Your objective:
Extract the opening line of the entries and every line after it, stopping at and including the line that contains "本报记者 张冬梅 摄影报道". Do not include pictures.

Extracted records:
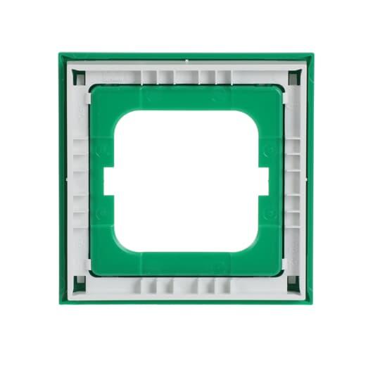 Flush mounting cover frame for 1-gang accessories, such as switches. Plastic material. Cleaning with a mild, standard household detergent. The use of strong dissolvents should be avoided.
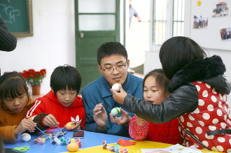 9日,在枣庄供电公司滕州客服中心捐建的鲁能滕州希望小学留守儿童快乐成长活动站内,该中心10余名爱心志愿者给孩子们送去书橱、桌椅,书法、绘画、手工制作等物品,以及电子琴、葫芦丝等乐器,并与他们一起互动学习,培养孩子们多种兴趣爱好。图中爱心志愿者正和孩子们一起做手工。 本报记者 张冬梅 摄影报道
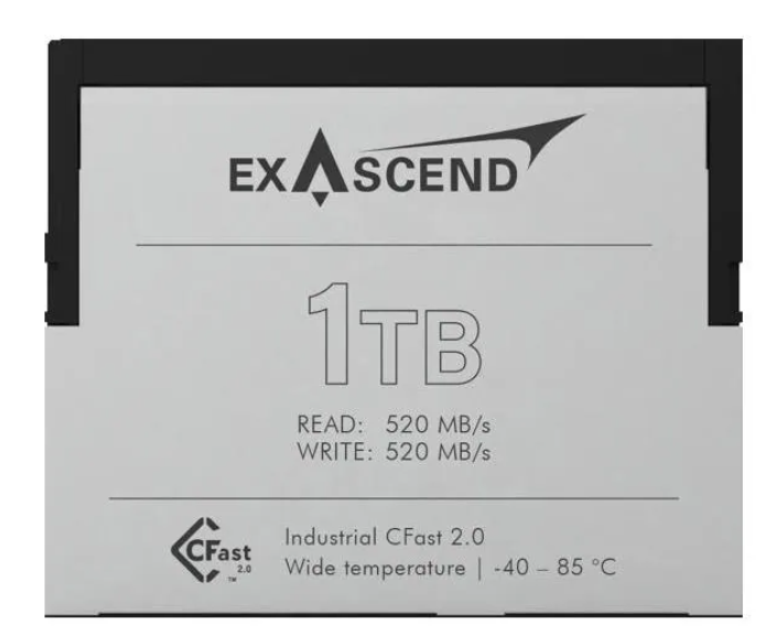 Exascend EXSD3X001TB-I je 1 TB průmyslová paměťová karta CFast 2.0 (řada SD3X) s rozhraním SATA, která poskytuje trvalou rychlost čtení 520 MB/s a zápisu 520 MB/s pomocí 3D TLC NAND. Pracuje při napětí 3,3 V v teplotním rozsahu od -40 °C do +85 °C, má rozměry 42,8 x 36,4 x 3,6 mm a je ideální pro vysoce kapacitní a vysoce spolehlivé podnikové úložiště…
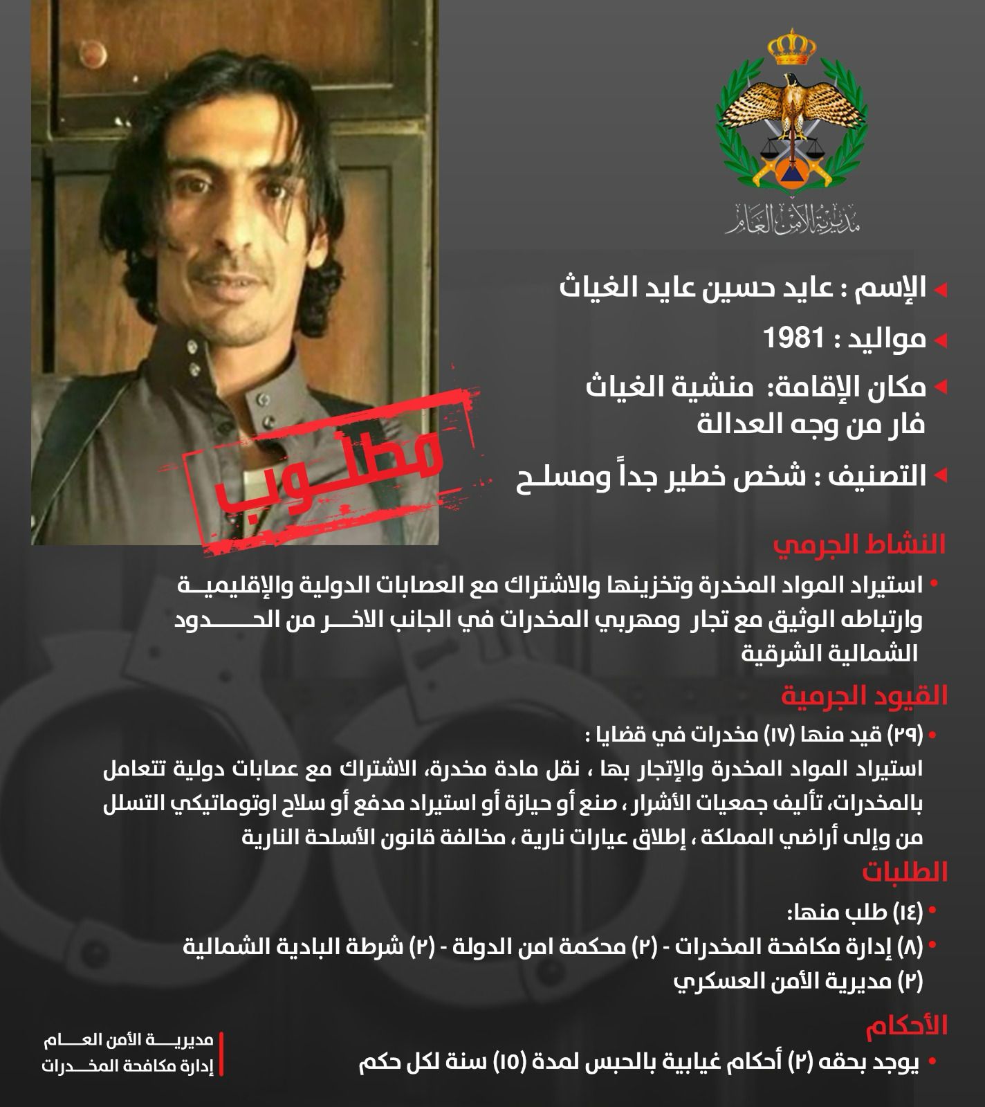 مسجل بحقه (8) قيود امنية في قضايا: استيراد المواد المخدرة والاتجار بها ، مخالفة قانون الأسلحة النارية.
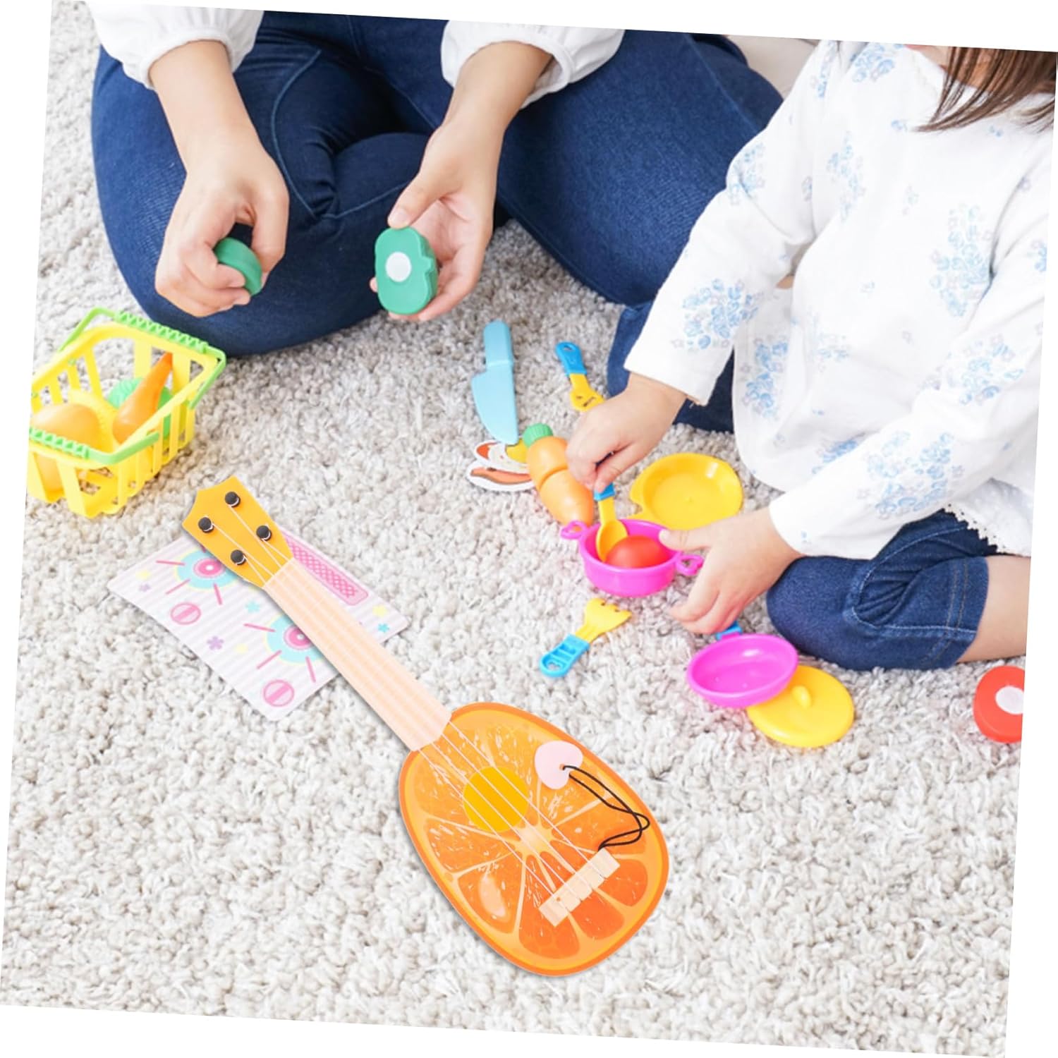 Piccola chitarra: compatta e leggera, perfetta per i viaggi e le attività all'aperto, ti offre maggiore praticità nel trasporto, mini chitarra giocattolo Mini chitarra artificiale: dimensioni ridotte, facile da trasportare e suonare sempre e ovunque, design realistico, aspetto squisito, alto grado di simulazione, mini chitarra di plastica Mini giocattolo ukulele: portatile e comodo, porta questa chitarra di simulazione con te ovunque tu vada, pregevole fattura, costruita per durare, mini oggetti di scena per chitarra Mini strumento musicale giocattolo: la chitarra a tema frutta simulata è realizzata in plastica, questo materiale robusto è sicuro e facile da usare, mini giocattoli per chitarra Mini chitarra - comprendere la cognizione dello strumento musicale, illuminazione, comprendere la struttura dello strumento musicale, mini giocattolo ukulele

Solution to this exercise:
 Flush mounting cover frame for 1-gang accessories, such as switches. Plastic material. Cleaning with a mild, standard household detergent. The use of strong dissolvents should be avoided.
 9日,在枣庄供电公司滕州客服中心捐建的鲁能滕州希望小学留守儿童快乐成长活动站内,该中心10余名爱心志愿者给孩子们送去书橱、桌椅,书法、绘画、手工制作等物品,以及电子琴、葫芦丝等乐器,并与他们一起互动学习,培养孩子们多种兴趣爱好。图中爱心志愿者正和孩子们一起做手工。 本报记者 张冬梅 摄影报道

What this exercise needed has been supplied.